**Your assignment:**
Without including any pictures, write out the listing below exactly.

**Collected data:**
=== Section Start ===

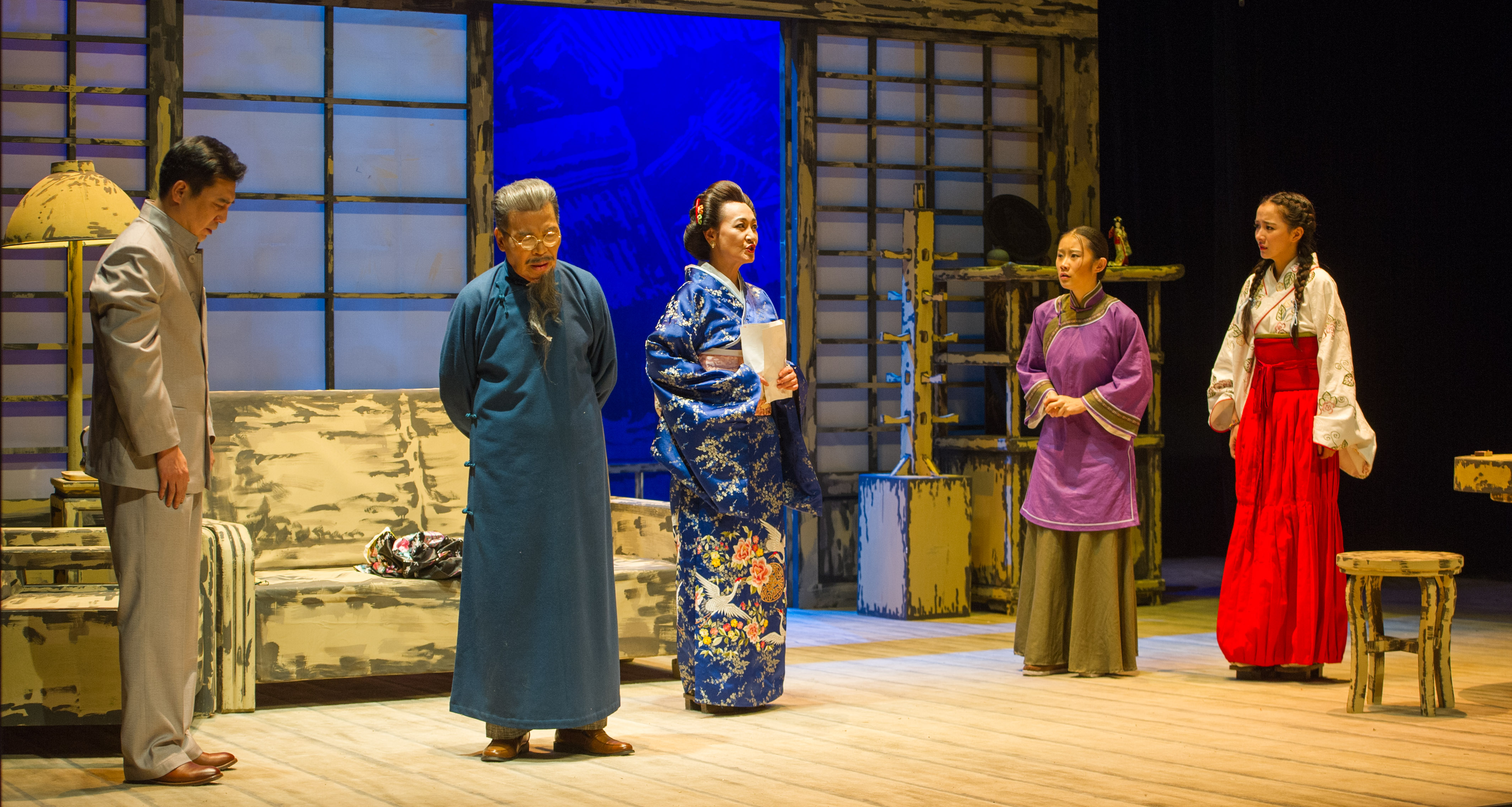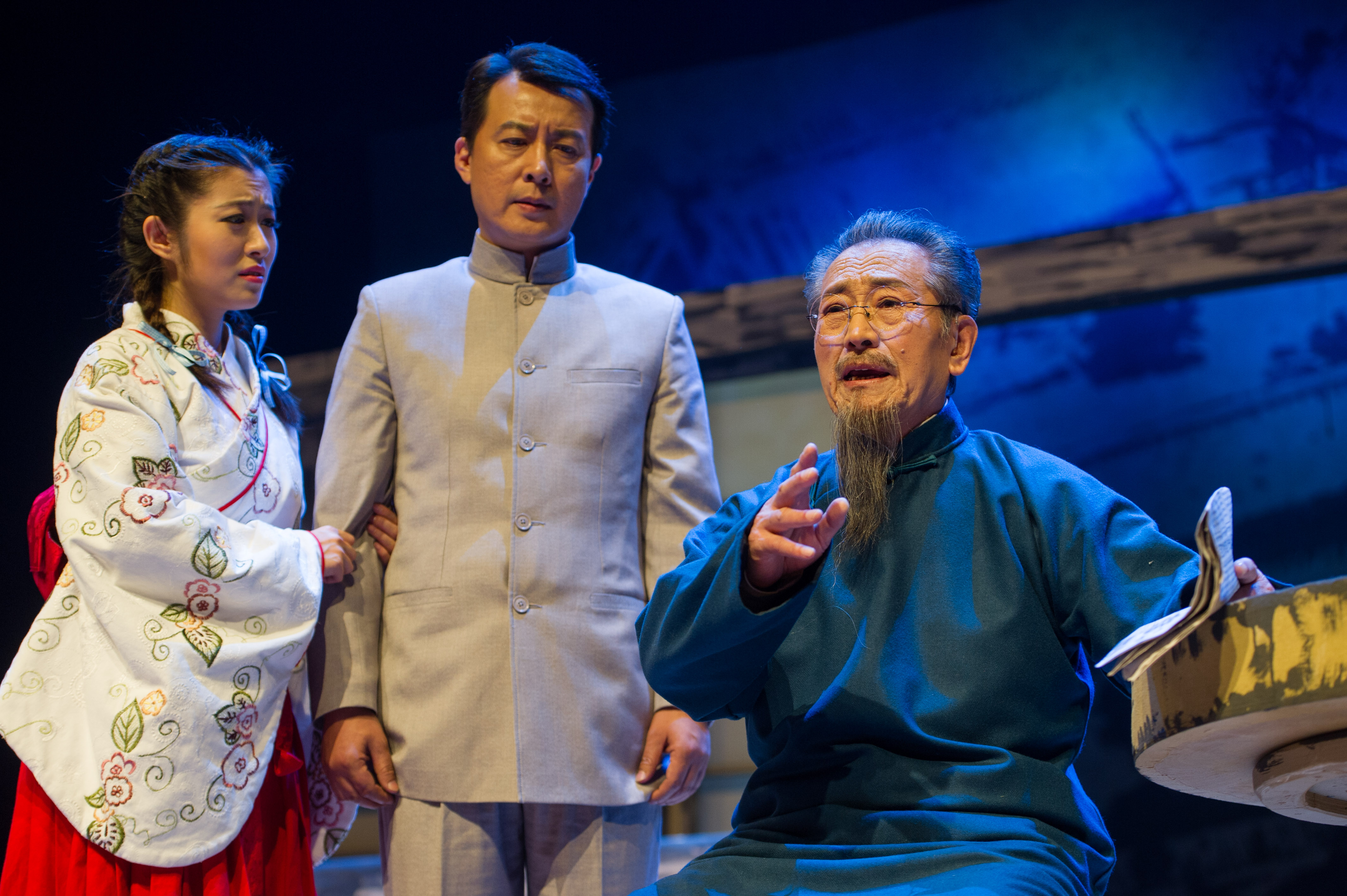两位父亲唐华庭的扮演者,都是耄耋老人:四十年代入学的邵宏来老师和五十年代的娄际成老师。邵老师曾演绎过的著名银幕形象如:陈独秀、李宗仁,他已多年未登台,此次老人家是为荣誉而来。娄际成老师的认真投入相信是无人可比的。他在话剧舞台早已驰骋半个多世纪,成功塑造了孙中山等无数具有鲜明人物形象的角色,可谓是沪上话剧的第一人。六十年代毕业的刘玉老师当年曾主演《战斗的青春》,名噪一时,此次饰演第一、三幕的母亲秋子。从万里之外的大洋彼岸赶回参加剧组创作的她,从开始直至工作排演一直全身心投入,充分显示了一位职业演员的敬业精神。
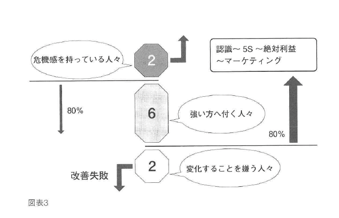 どこ の企業にも必ず「このままではいけない」と いう危機感を持った人たちがいます。経営者 はそうした上の2割の人たちとどうにかして 組織を活性化しようと努力をしています。し かし、そこにはある種の誤解あります。 「専務や筆頭部長たちは危機感を持っていて くれるが、残りの社員はそうした危機感が薄 い。彼らを何とかしなければならない」 と経営者は考えてしまうのです。 そして、朝礼や会議など折に触れて「君た ちには危機感が足りない―」と6割の人たち に熱心に語りかけます。彼ら、すなわち6割 の組織に無関心な人たちの変化を促進しよう とします。しかし、この人たちがなかなか変 わってくれません。ある意味、この人たちは無関心ではないが受け身の人たちなので、自分たちからは積極的には動かず、経営者から するとイライラする存在でもあります。そのイライラが高じて、時に大声になってしまう こともあるかもしれません。 実は、6割の人たちは強い人(仕組み)につくという性質を持っています。よって「上 の2割の人たち」が強くなれば、この6割の人たちは動き出すのです。6割の人たちも、 会社の行末や自分たちの生活に無関心なわけではありません。本当は胸の奥底で「このま まで大文夫だろうか」と考えているのです。そこで、上の2割の人たちが、5S活動を 開始して全社を巻き込みます。すると、6割の人たちも同じ方向を向くようになります。 つまり、プロジェクトを通じて「8 ¨2」を作ることができれば、間違いなく組織は大き く動き出しますc そうなると、残りの「変わりたくない」と思っている2割の人たちも動きます。「8 ¨ 2」という比率は、組織においては抵抗者が出てこない比率です。 例えば、休日に会社のために一斉清掃を行ったとします。10 人中8人が熱心に動きてい るときに2人では腕を組んで何もしないわけにはいきません。少々抵抗感があっても全体 の8割の動きに従います。 逆に、組織にとってもっとも危険な比率とは「6 ¨4」です。組織の大勢が「6 ¨4」になると4割の人たちは腕組みをして手を止めてしまいます。 なぜならば、活動に批判的な仲間がある程度いるので、熱心に動こうとする人たちに対 して、お手並み拝見とばかりに手を止めて動こうとしないのです。5S活動のようなプ ロジェクトに取り組む際には、「6 一4」の状態を作ってはいけません(この「6一4」の 比率を私は「悪魔の比率」と呼んでいます)。 また、最初から「変化することを嫌う、あるいは反対する」という2割の人たちを切り 捨ててもいけません。 以前ある組織で社長が苛立ってこの2割の人たちを辞めさせたことがありました。そう すれば組織が素早く変化できるのではないかと考えたのですが、すぐに6割の中から下の 2割の人たちが現れてきて苦労したという話を聞きました。つまり、組織の人たちの意識 を変えるということは、単純にその人たちが持っている性格や資質によるものではなく、 組織の枠組みや変化させる手順があるのだということを理解しておく必要があるのです。
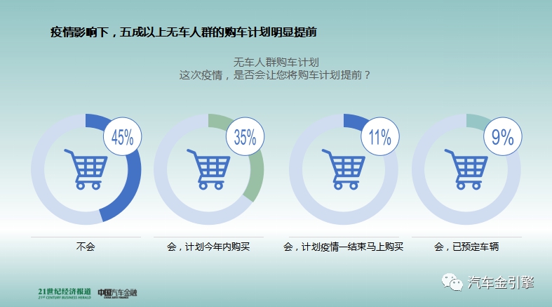 调查结果显示:受疫情影响,半数以上无车人群的购车计划明显提前,三、四线城市首购刚需人群将成为市场复兴的重点。

=== Section End ===

**Reply to the task:**
两位父亲唐华庭的扮演者,都是耄耋老人:四十年代入学的邵宏来老师和五十年代的娄际成老师。邵老师曾演绎过的著名银幕形象如:陈独秀、李宗仁,他已多年未登台,此次老人家是为荣誉而来。娄际成老师的认真投入相信是无人可比的。他在话剧舞台早已驰骋半个多世纪,成功塑造了孙中山等无数具有鲜明人物形象的角色,可谓是沪上话剧的第一人。六十年代毕业的刘玉老师当年曾主演《战斗的青春》,名噪一时,此次饰演第一、三幕的母亲秋子。从万里之外的大洋彼岸赶回参加剧组创作的她,从开始直至工作排演一直全身心投入,充分显示了一位职业演员的敬业精神。
 どこ の企業にも必ず「このままではいけない」と いう危機感を持った人たちがいます。経営者 はそうした上の2割の人たちとどうにかして 組織を活性化しようと努力をしています。し かし、そこにはある種の誤解あります。 「専務や筆頭部長たちは危機感を持っていて くれるが、残りの社員はそうした危機感が薄 い。彼らを何とかしなければならない」 と経営者は考えてしまうのです。 そして、朝礼や会議など折に触れて「君た ちには危機感が足りない―」と6割の人たち に熱心に語りかけます。彼ら、すなわち6割 の組織に無関心な人たちの変化を促進しよう とします。しかし、この人たちがなかなか変 わってくれません。ある意味、この人たちは無関心ではないが受け身の人たちなので、自分たちからは積極的には動かず、経営者から するとイライラする存在でもあります。そのイライラが高じて、時に大声になってしまう こともあるかもしれません。 実は、6割の人たちは強い人(仕組み)につくという性質を持っています。よって「上 の2割の人たち」が強くなれば、この6割の人たちは動き出すのです。6割の人たちも、 会社の行末や自分たちの生活に無関心なわけではありません。本当は胸の奥底で「このま まで大文夫だろうか」と考えているのです。そこで、上の2割の人たちが、5S活動を 開始して全社を巻き込みます。すると、6割の人たちも同じ方向を向くようになります。 つまり、プロジェクトを通じて「8 ¨2」を作ることができれば、間違いなく組織は大き く動き出しますc そうなると、残りの「変わりたくない」と思っている2割の人たちも動きます。「8 ¨ 2」という比率は、組織においては抵抗者が出てこない比率です。 例えば、休日に会社のために一斉清掃を行ったとします。10 人中8人が熱心に動きてい るときに2人では腕を組んで何もしないわけにはいきません。少々抵抗感があっても全体 の8割の動きに従います。 逆に、組織にとってもっとも危険な比率とは「6 ¨4」です。組織の大勢が「6 ¨4」になると4割の人たちは腕組みをして手を止めてしまいます。 なぜならば、活動に批判的な仲間がある程度いるので、熱心に動こうとする人たちに対 して、お手並み拝見とばかりに手を止めて動こうとしないのです。5S活動のようなプ ロジェクトに取り組む際には、「6 一4」の状態を作ってはいけません(この「6一4」の 比率を私は「悪魔の比率」と呼んでいます)。 また、最初から「変化することを嫌う、あるいは反対する」という2割の人たちを切り 捨ててもいけません。 以前ある組織で社長が苛立ってこの2割の人たちを辞めさせたことがありました。そう すれば組織が素早く変化できるのではないかと考えたのですが、すぐに6割の中から下の 2割の人たちが現れてきて苦労したという話を聞きました。つまり、組織の人たちの意識 を変えるということは、単純にその人たちが持っている性格や資質によるものではなく、 組織の枠組みや変化させる手順があるのだということを理解しておく必要があるのです。
 调查结果显示:受疫情影响,半数以上无车人群的购车计划明显提前,三、四线城市首购刚需人群将成为市场复兴的重点。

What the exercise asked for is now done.